Yes. Good morning, thanks for joining us. You should not read anything into that slide update. We remain focused on long term shareholder value. That hasn't changed. And we're evaluating market conditions and our portfolio as an ongoing part of that process. And so though it's related to the financing, as you noted, we continue to view any asset sale as primarily a strategic decision based on long term shareholder value, more than as a way to satisfy any near term financing needs. And that's really, I mean, we've stated it over and over, that's underpinned by our plan that drives 7% to 9% long term growth, inclusive of all financing in the current planning horizon and without any asset sales. So clearly, a strategic shift would need to enhance what's already a strong plan. That said, given our exceptionally large known capex cycle and potential future investment opportunities that will unfold as we go forward and continued modest equity funding needs that go along with that, meaning our ATM program, shouldn't be surprising that we're not taking those options off the table. Just because it's not on a slide, doesn't mean it's not continuing to be on the table. And those factors can converge with strategic alternatives at any point in time. So I appreciate the question.

Insoo Kim -- Goldman Sachs -- Analyst

Got it. That makes a lot of sense. My other question is just on the electric demand growth that you've seen this quarter and year to date in Indiana. It seems like a pretty robust rebound, especially in the commercial and industrials. How does that trend compare versus your expectations, I guess, earlier in the year? And are you seeing momentum that's continuing as we head into the second half?

Joseph J. Hamrock -- President, Chief Executive Officer and Director

I'll take that. I think what you're seeing on the C&I sales and electric business really is the impact of COVID last year in the second quarter. That second quarter where you had the businesses shut down and certainly, our largest customers shut down operations, had the biggest financial impact on us in that second quarter. So that's the recovery, what you're seeing. And it's certainly, as we expected and what we planned for. So very good outcome. And I'd say on the smaller commercial, we're continuing to see a recovery there. Again, that's expected in part of our plan, and we'll continue to monitor and manage that.

Insoo Kim -- Goldman Sachs -- Analyst

Got it. And just going forward, I guess, when things, when we think about normal low growth overall, what's the good roll-up from, type of level we should be thinking there?

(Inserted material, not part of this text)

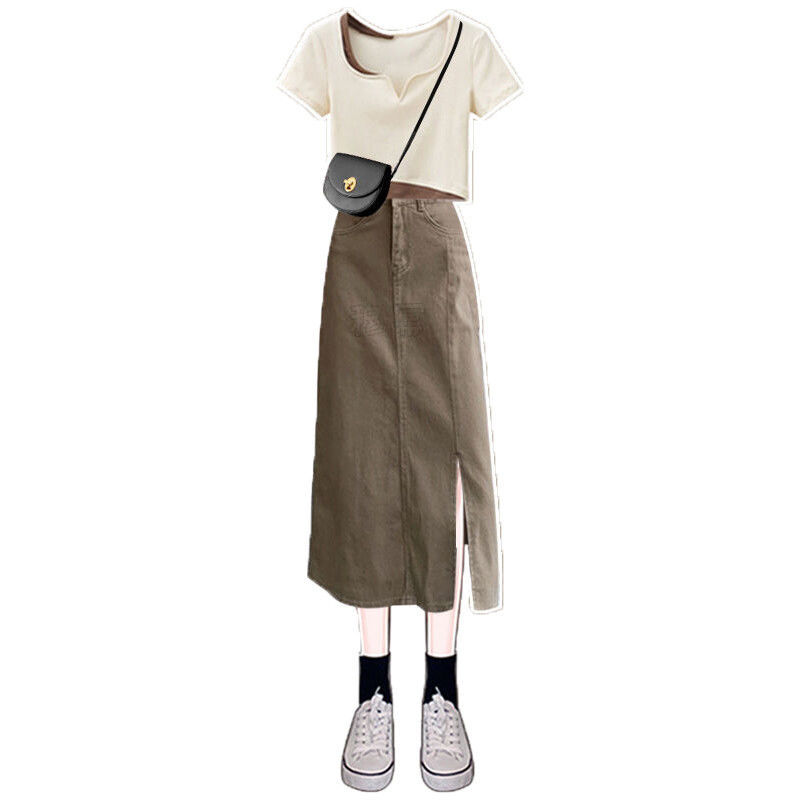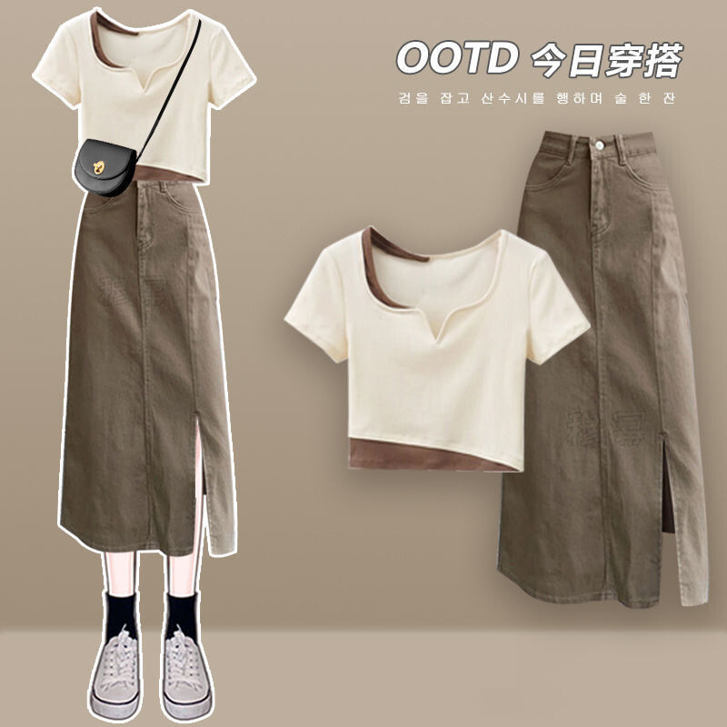 Summer Gentle Wear Women’s 2024 New Korean Style Elegant Loose All-match Short Sleeve Top Skirt Two-piece Set

Joseph J. Hamrock -- President, Chief Executive Officer and Director

Yes. Just on the electric side, taking out the industrial, the largest industrials, which is pretty stable. For the other customer classes, we're seeing in the 1% range, maybe a little less than 1%.

Operator

Our next question comes from the line of Durgesh Chopra from Evercore ISI.

Durgesh Chopra -- Evercore ISI -- Analyst

Just on the 2021 IRP, I'm just thinking about, first, can you confirm for us that any incremental capital spend coming out of that 2021 IRP Indiana that would be sort of above and beyond your current capex plan. Am I thinking about this the right way?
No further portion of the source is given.